WeWork in Manhattan
CoStar Market Insights: If WeWork Can Make It Here, It Can Make It Anywhere
WeWork closed on a bond issuance that raised $702 million and increased the company's cash-on-hand to $3 billion this week.
But the high price of the debt, which carries a 7.875 percent interest rate, and facts surrounding the capital raised, are causing some in the financial market to question WeWork's business model.
WeWork began operations in 2010 in a single SoHo building. Since then, the company has signed roughly 3 million square feet across Manhattan. In fact, over the past eight years, WeWork has leased more commercial space than any other Manhattan tenant, with an average rental rate of $60 per square foot.
WeWork’s latest bond offering revealed insights into the rapidly-growing company. With 234 locations, it can be inferred around 15 percent of their locations are in Manhattan. The bond offering mentions in New York the average proportion of tenant improvements funded by landlords increased from 42 percent in 2015 to 76 percent in 2017.
Many New York landlords welcome WeWork’s build-out due to its elaborate finishes. However, those finishes do not come without a cost. WeWork stated its net capital expenditure, per desk last year, was $5,631.
This latest bond offering and the $4.4 Billion raised from SoftBank is expected to further fuel WeWork’s expansion in Manhattan and the surrounding boroughs.
For instance, in February 2018, WeWork moved into almost 107,000 square feet at 750 Lexington Ave., and in 2019 WeWork will move into 250,000 square feet at Tishman Speyer’s new JACX building in Long Island City.
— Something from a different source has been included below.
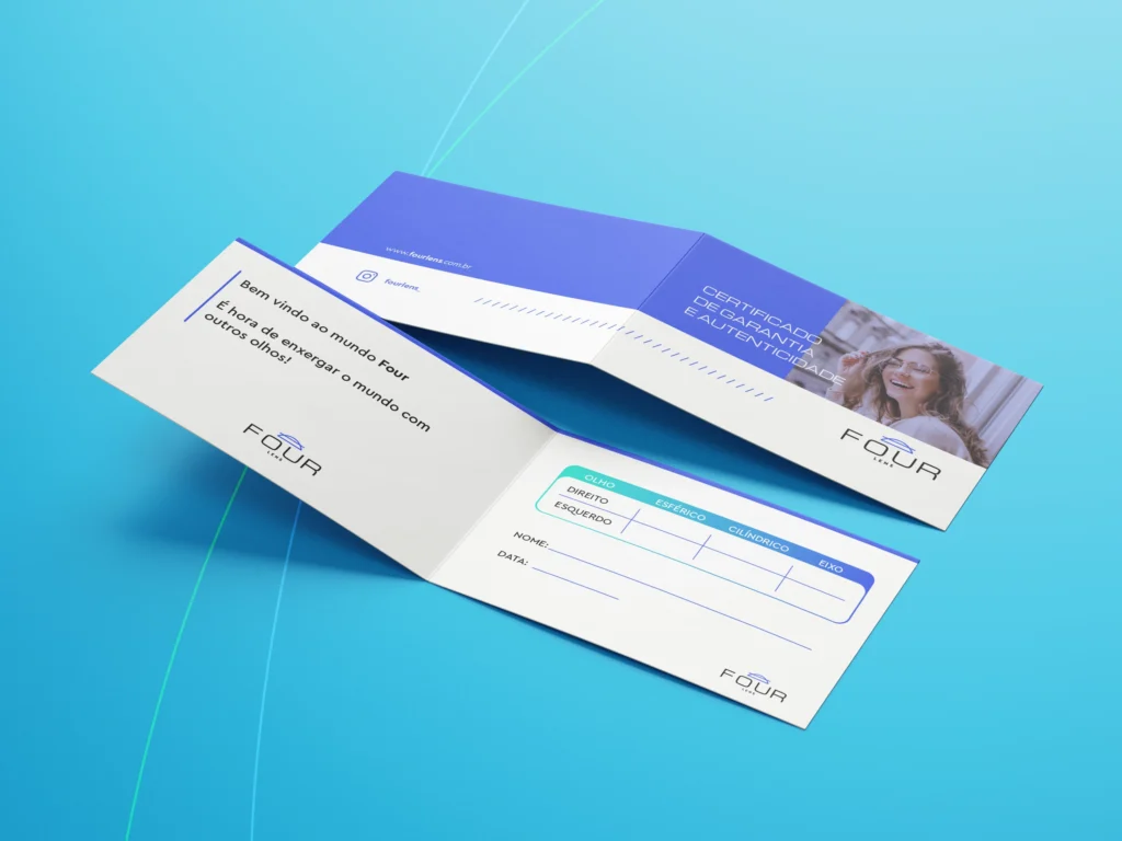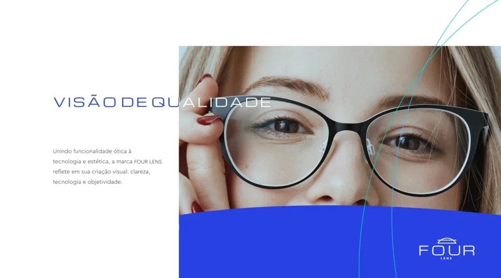 A identidade visual da Four Lens foi cuidadosamente projetada para refletir nossos valores de qualidade, inovação e sofisticação. O símbolo da marca é inspirado na curvatura da córnea, destacando nosso compromisso com a precisão e a tecnologia avançada.

Although these were headline deals, the average WeWork lease in Manhattan is a more-modest 58,000 square feet.
As of their latest capital raise, WeWork is valued more than Manhattan landlords SL Green and Vornado, although it could be argued that the companies have different business models.
One thing is for certain: The startup has a significant impact on the Manhattan real estate market.